AFTER TWO DECADES, the relationship ended not with a bang or a whimper, but with a flurry of faxes. Pete's were scrawled in furious Sharpie. Such was his response to the news that Dwight had decided to tour again in support of
Population: Me
, but that he'd be going out with a stripped-down two-piece instead of Anderson and band.

Maybe there were musical reasons for the decision, but certainly there were financial ones. Yoakam had made a substantial investment—financially and professionally—in
South of Heaven, West of Hell
. And he hadn't recouped. To the contrary, the movie had reportedly been taken away from him when he could no longer pay the bills.

It's a whole lot cheaper to hit the road with a couple of musicians than it is to mount a full tour with a full band. And if fans were paying to see Dwight Yoakam, maybe they wouldn't care and maybe as many of them would show up anyway.
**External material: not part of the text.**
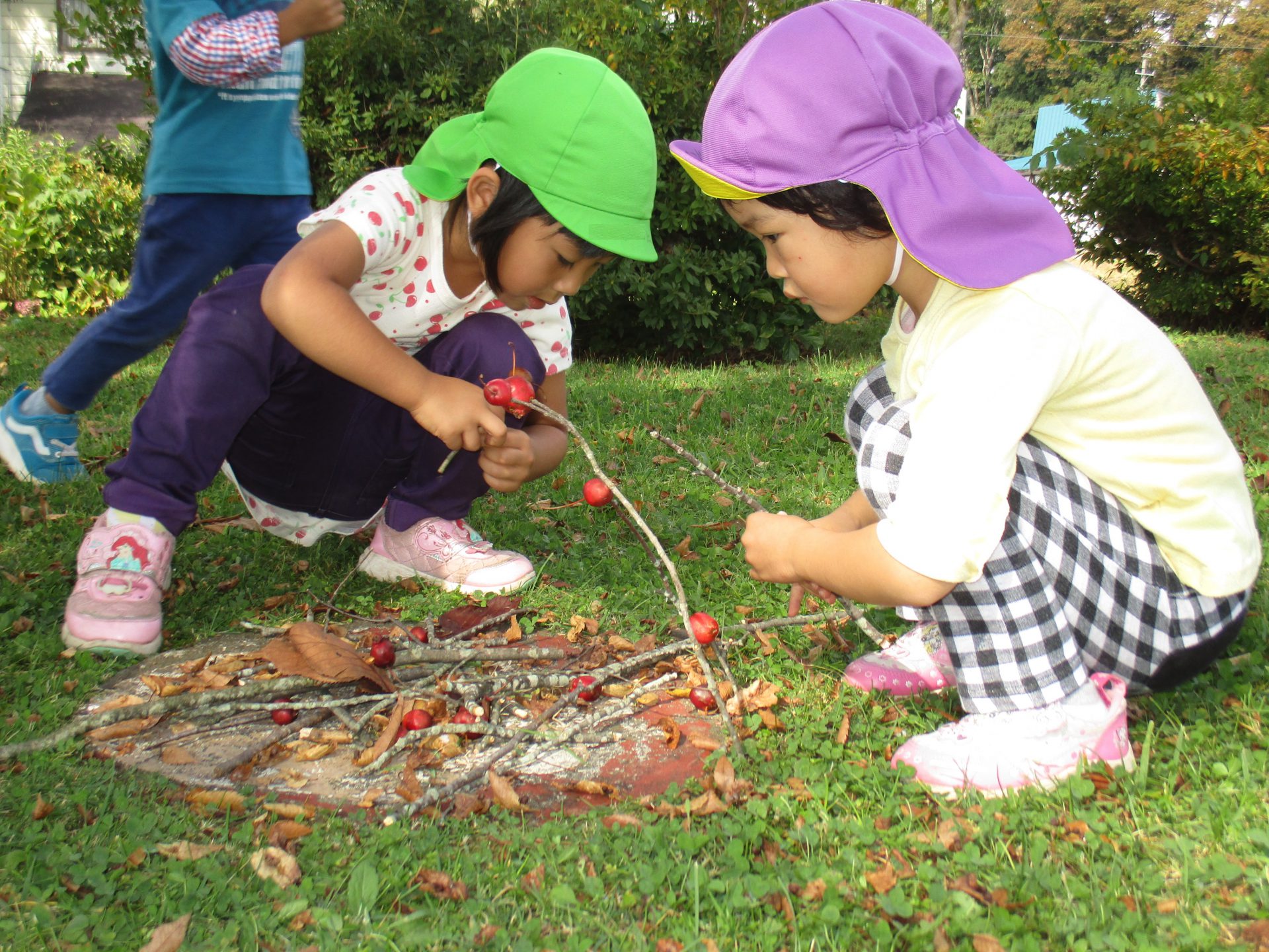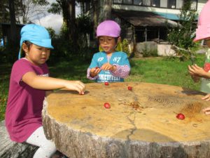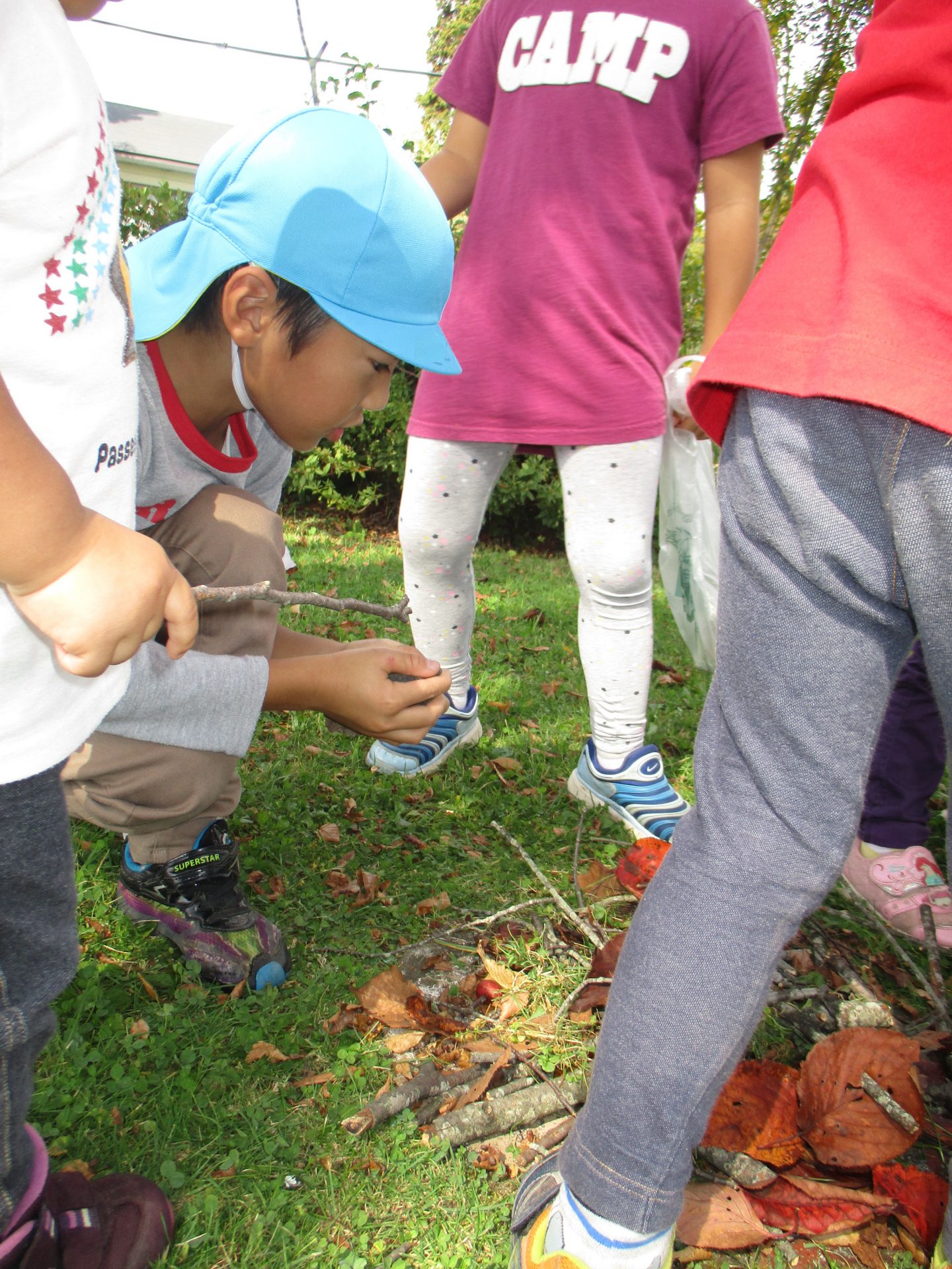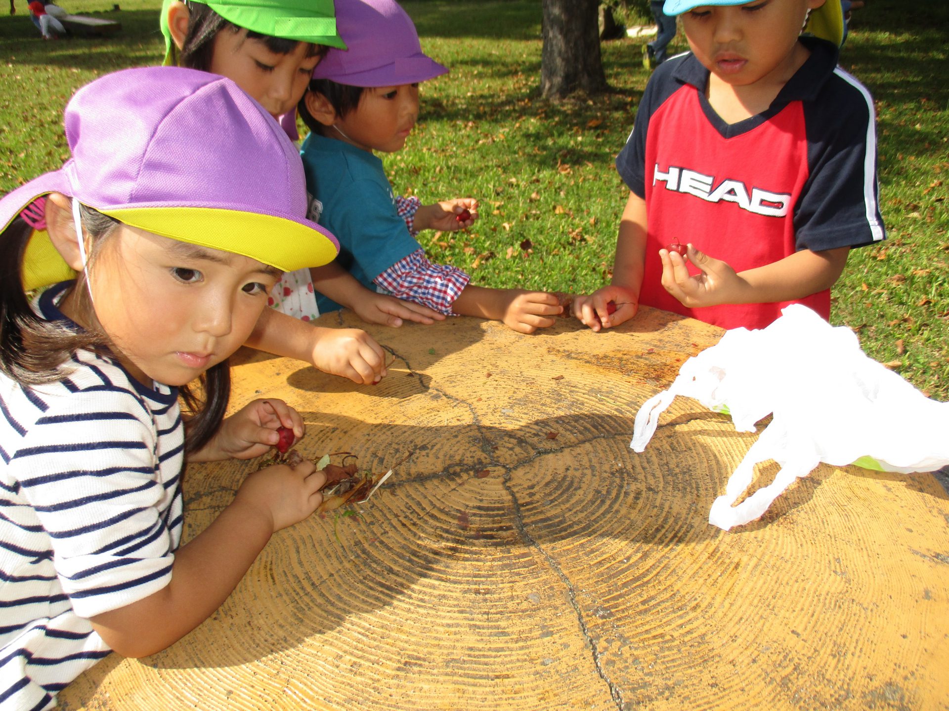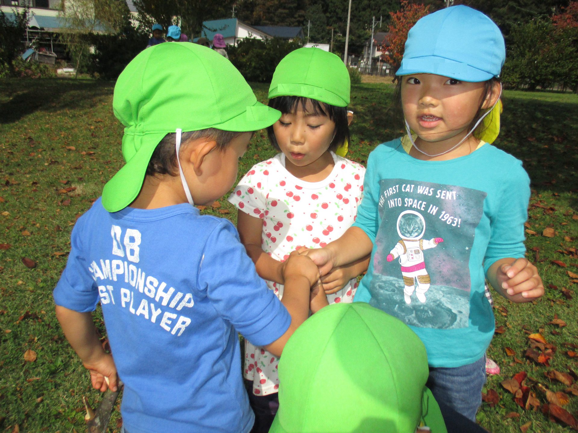 お散歩をしている時には、「この葉っぱ、赤くなってる。」「”紅葉”っていうんだよね」と、発見しお友だちと教えあう姿が見られました。子どもたちの発見・驚き・喜びを一緒に共有しながら、信濃町の秋を全身で感じたいと思います。

But for a guy like Pete, the decision not only left a big hole in his calendar and his bank account, it deprived him of what he loved to do most—go out and play the guitar.

“Dwight had told me he wasn't going to tour,” says Anderson. “I'd lost a month of work the previous year [because of the film], but it was always like, ‘This is a long-term relationship and we'll catch up, something's gonna happen.' And then he wanted to go out with a duo because he needed to make some money.